If your clients have done virtually all of their investing in tax-deferred plans, spend-down strategies may be relatively simple. Find a sustainable withdrawal rate for retired clients and help them stick to it, recognizing required minimum distribution (RMD) rules after age 70 ½.

However, many clients have multiple sources for cash in retirement, including nonqualified investments in taxable accounts. Retirees also may have after-tax Roth accounts that can provide tax-free distributions after age 59 ½ and five-year holding period hurdles are cleared. A deeper look at the tax implications of the client’s various assets and how they interact may reveal some unique hidden opportunities to add additional value to the financial plan.

Many advisors have a default method to plan for multiple streams of cash flow:

First: Tap taxable accounts to maximize tax deferral in retirement plans.

Second: Start accessing pretax plans after age 70 ½, to comply with RMD rules.

Third: Keep money in Roth accounts as long as possible, for eventual tax-free payouts to clients or their beneficiaries.

This sequence has merit, but putting this plan on autopilot can lead to paying more tax than necessary. One key drawback is channeling compound growth into pretax accounts. The larger they grow, the larger the eventual RMDs, which could move the client into a higher future tax bracket.

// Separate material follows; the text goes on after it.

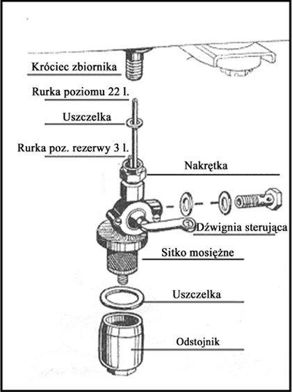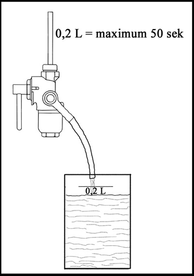 Czy benzyna wydostająca się z kranika benzynowego na pewno wypływa w wystarczającej ilości? Na oryginalnym rysunku kranika benzynowego umieszczona jest informacja, że powinien on umożliwiać wypłynięcie w ciągu godziny 22 litrów paliwa. Na rynku występują repliki kraników benzynowych, w których wskutek dokonania błędnego pomiaru w oryginalnym kraniku, przepływ paliwa na godzinę jest stanowczo za mały. Także nieźle wyglądające oryginalne kraniki benzynowe mogą być wewnątrz niesprawne i przepuszczać zbyt małą ilość benzyny. Z naszego doświadczenia wynika, że praktycznie wystarcza jeżeli kranik przepuszcza 14-15 litrów paliwa na godzinę.
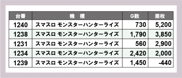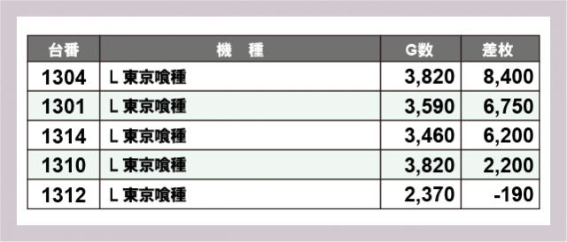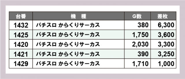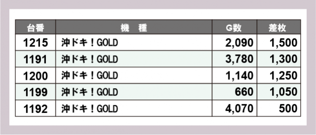 ※差枚数順に掲載しています

Moreover, tax-free Roth withdrawals may be justified in some situations. If a client needs cash, but using taxable or tax-deferred accounts could trigger severe tax consequences, qualified Roth distributions might be a better source. For instance, clients might face a situation in which more taxable income would raise taxes on Social Security benefits or long-term capital gains or generate higher Medicare premiums; Roth payouts could come to the rescue!

Sexagenarian Strategies

For overall tax savings, one approach is to advise clients to take some money from their pretax accounts when they’re in their 60s: older than 59 ½, so the 10% early withdrawal penalty won’t apply, and younger than 70 ½, at which point RMDs greatly reduce the flexibility in your withdrawal approach. Closely monitoring such distributions can keep clients in today’s 12% , 22% and 24% tax brackets, which are low by recent standards, and reduce future RMDs.

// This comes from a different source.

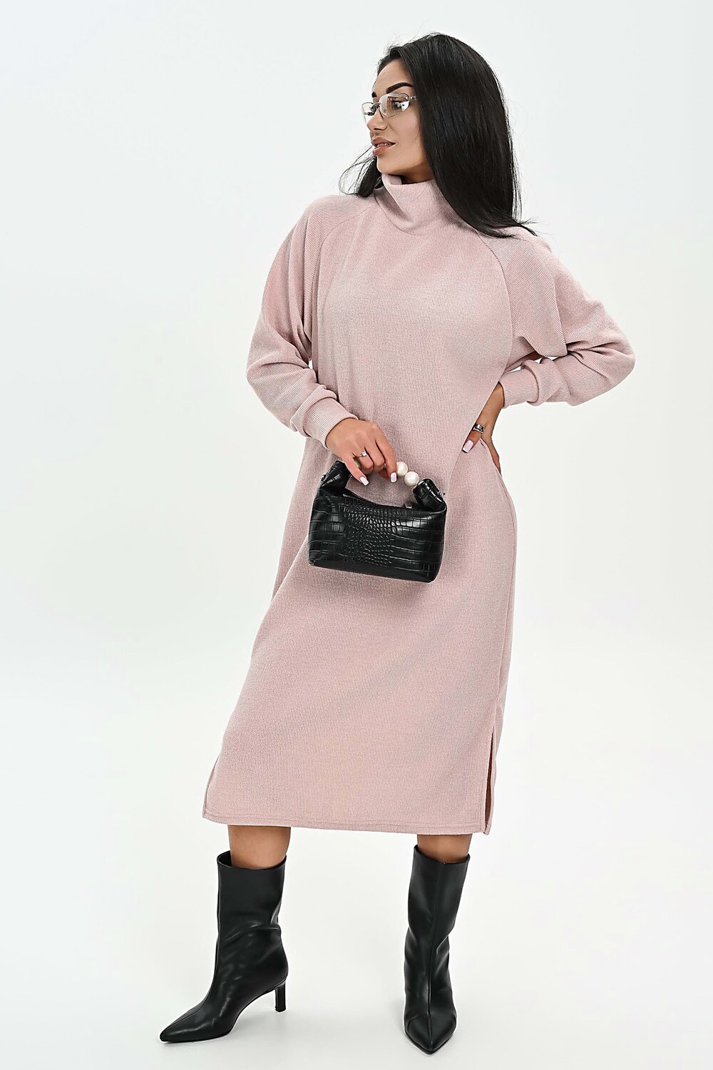 Это стильное вязаное платье черного, бежевого и белого цвета станет незаменимой вещью в вашем осенне-зимнем гардеробе. Модель прямого покроя с длинными рукавами и воротником-стойкой прекрасно подойдет для повседневной носки. Разрез на юбке добавляет образу изысканности и женственности. Платье выполнено из мягкого и приятного к телу материала с добавлением спандекса, что обеспечивает комфорт и свободу движений. Его универсальный черный цвет легко сочетается с различными аксессуарами и обувью.

Money that 60-somethings take from pretax accounts may be used for living expenses, if needed. This arrangement could help clients defer starting Social Security until age 70, for the largest monthly payout, partially untaxed — and possibly a larger lifelong payout for a surviving spouse.

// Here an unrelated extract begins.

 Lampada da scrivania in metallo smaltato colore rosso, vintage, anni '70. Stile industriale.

Another option would include conversions to a Roth IRA, where there are no lifetime RMDs and future distributions are tax-free. Current tax law prohibits recharacterization of a Roth IRA conversion, so money shifted to the Roth side generates an indelible tax bill. It’s often best to wait for a Roth IRA conversion until late in the year, when taxable income might be estimated accurately — and also to rely upon a sophisticated software program (like the one I developed) to calibrate how much to convert without creating unexpected tax bills.

Multiple Choices

Clients may have other sources of cash flow to consider in retirement planning. Some will have health savings accounts (HSAs), which combine upfront deductions with tax-free compounding. Distributions from HSAs also will be tax-free, if they are used for qualified medical expenses.

Loans also may provide liquidity without delivering tax bills. A home equity line of credit might be tapped — and the interest may be tax deductible if the money is used to buy, build or substantially improve the home that secures the loan. A reverse mortgage might be an option for tax-efficient liquidity. In addition, clients who have permanent life insurance policies could borrow from the cash value, if a smaller death benefit is acceptable.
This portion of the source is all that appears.